Calif. malpractice cap: Model or cautionary tale?

The San Francisco Chronicle‘s Victoria Colliver reports on how a discussion of a health reform-related push for medical malpractice reform can learn from California’s 34-year old law capping malpractice awards at $250,000.

First, the case against the cap: It’s too small (1975’s $250,000 is equal to about a million of today’s dollars) to make malpractice suits worth a lawyer’s while.

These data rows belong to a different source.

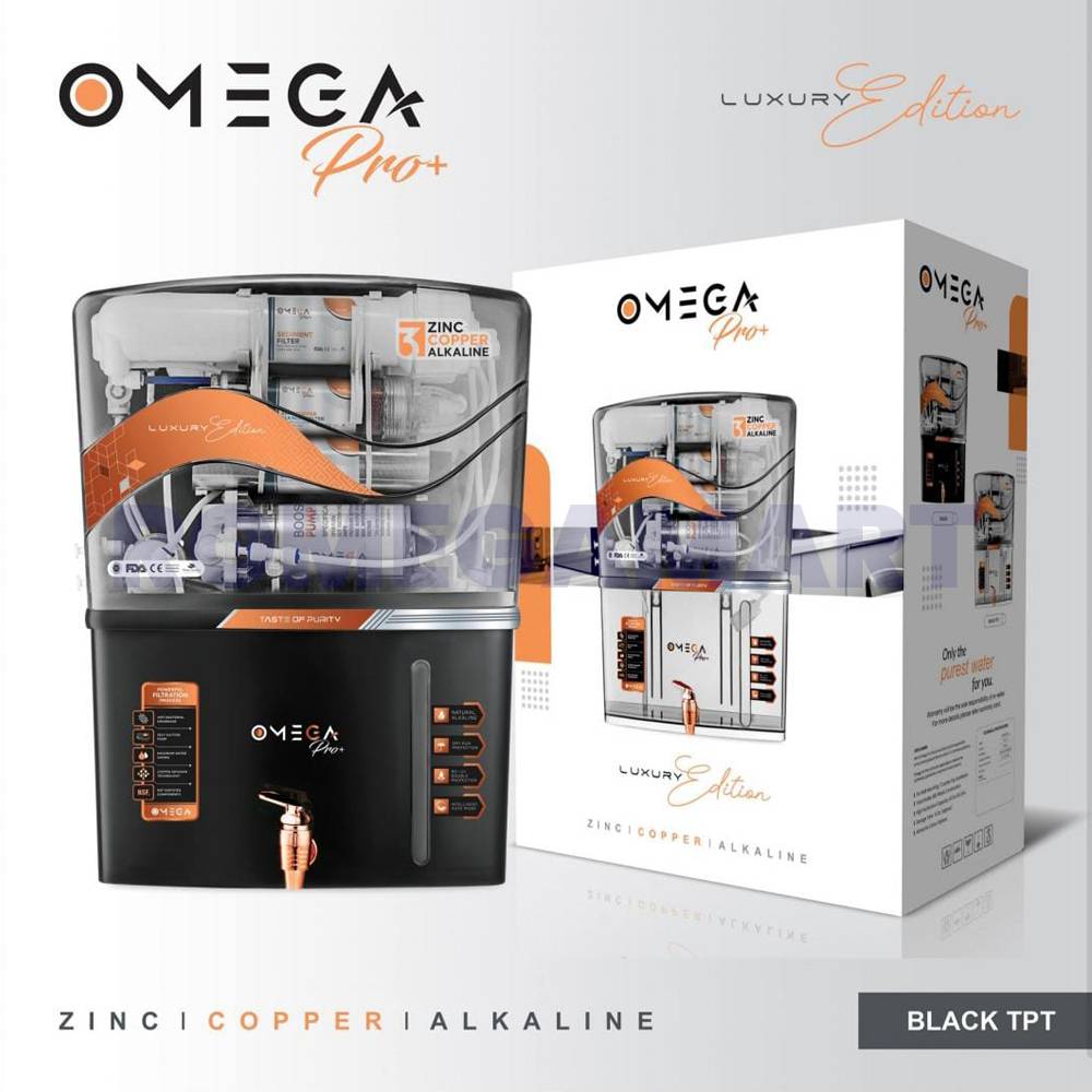 The Omega Pro+ Black TPT Water Purifier is designed for domestic use, featuring a generous 12-liter capacity to meet your family's hydration needs. Constructed from durable ABS plastic, it ensures longevity while maintaining a lightweight design. The advanced TPT filtration technology effectively removes impurities, ensuring that you enjoy clean and safe drinking water. Its user-friendly interface allows for easy operation, and the sleek Black finish adds a modern touch to your kitchen. With its efficient purification process, the Omega Pro+ Black is an ideal choice for households seeking a reliable and stylish water purification solution. Stay healthy and hydrated with Omega Pro+.
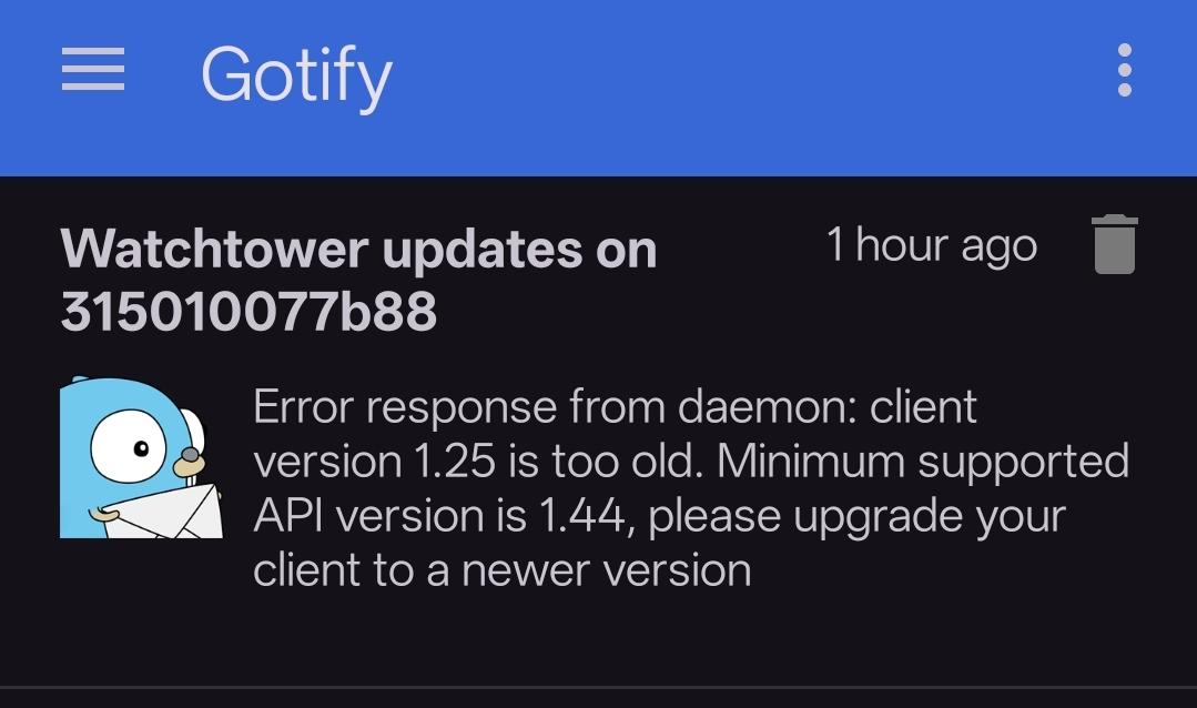 Watchtower ngừng hoạt động với cập nhật docker mới nhất! Lỗi phiên bản client 1.25 quá cũ, yêu cầu nâng cấp lên 1.44. #Watchtower #Docker #Cập Nhật #Lỗi #PhiênBản #Container #dockerupdate #watchtowererror #selfhosted #tựhost
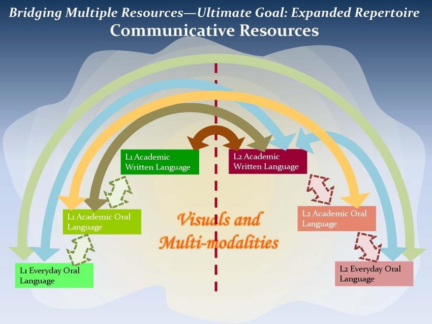 When we think about Language Acquisition, we often think of a formal schooling context that has high-stakes assessments. This is where translanguaging supporter and critic Jürgen Jaspers (2018) has commented that K-12 teaching is a job that requires teachers to skillfully balance authority and equality; imparting knowledge and valuing students’ funds of knowledge, as I explain in this post. Students must increase their proficiency, which includes monolingual performance, in national and internationally prestigious languages, and the assessments may not mirror real world tasks; in fact there may be a great deal of uncertainty as to what the real world tasks in future may be. Two principles can still be followed: build many bridges between students’ existing funds of language/knowledge and the new language/knowledge to be acquired, and do not devalue anything students possess. Such a pedagogy, from teaching academic subjects in English as an Additional Language, was developed by Angel Lin for the Hong Kong K-12 context; called “Bridging Pedagogy” or the “Rainbow Diagram,” it is an approach that is quite generalizable across geographic locations. To see how the Rainbow Diagram works in practice, you can read this post.

Critics object to the fact the $250,000 cap hasn’t been adjusted for inflation in 34 years . They also argue that because the law allows unlimited awards for economic losses, such as lost wages and ongoing medical costs, it discriminates against children and seniors, who have limited earnings if any, as well as against the families of those who died and did not have high medical costs.

“It’s economic suicide for a medical malpractice lawyer in the state of California to undertake too many or any cases that are capped at just 250,000,” said Erik Peterson, a San Francisco medical malpractice attorney who agreed to take on the Volkmuth’s case, even at a loss.

inflation1 Cap proponents say the law helps keep costs down and to attract physicians to the state.

Supporters say the law has resulted in improved access to care for patients because it has persuaded doctors to stay in California without fear of skyrocketing insurance premiums.

Lisa Maas, executive director of Californians Allied for Patient Protection, pointed to her group’s research, which shows the average annual premium for a specialist in obstetrics and gynecology in Los Angeles was about $90,000 last year, compared to nearly $195,000 a year for the same specialist in Nassau and Suffolk counties of New York, a state without medical malpractice reforms.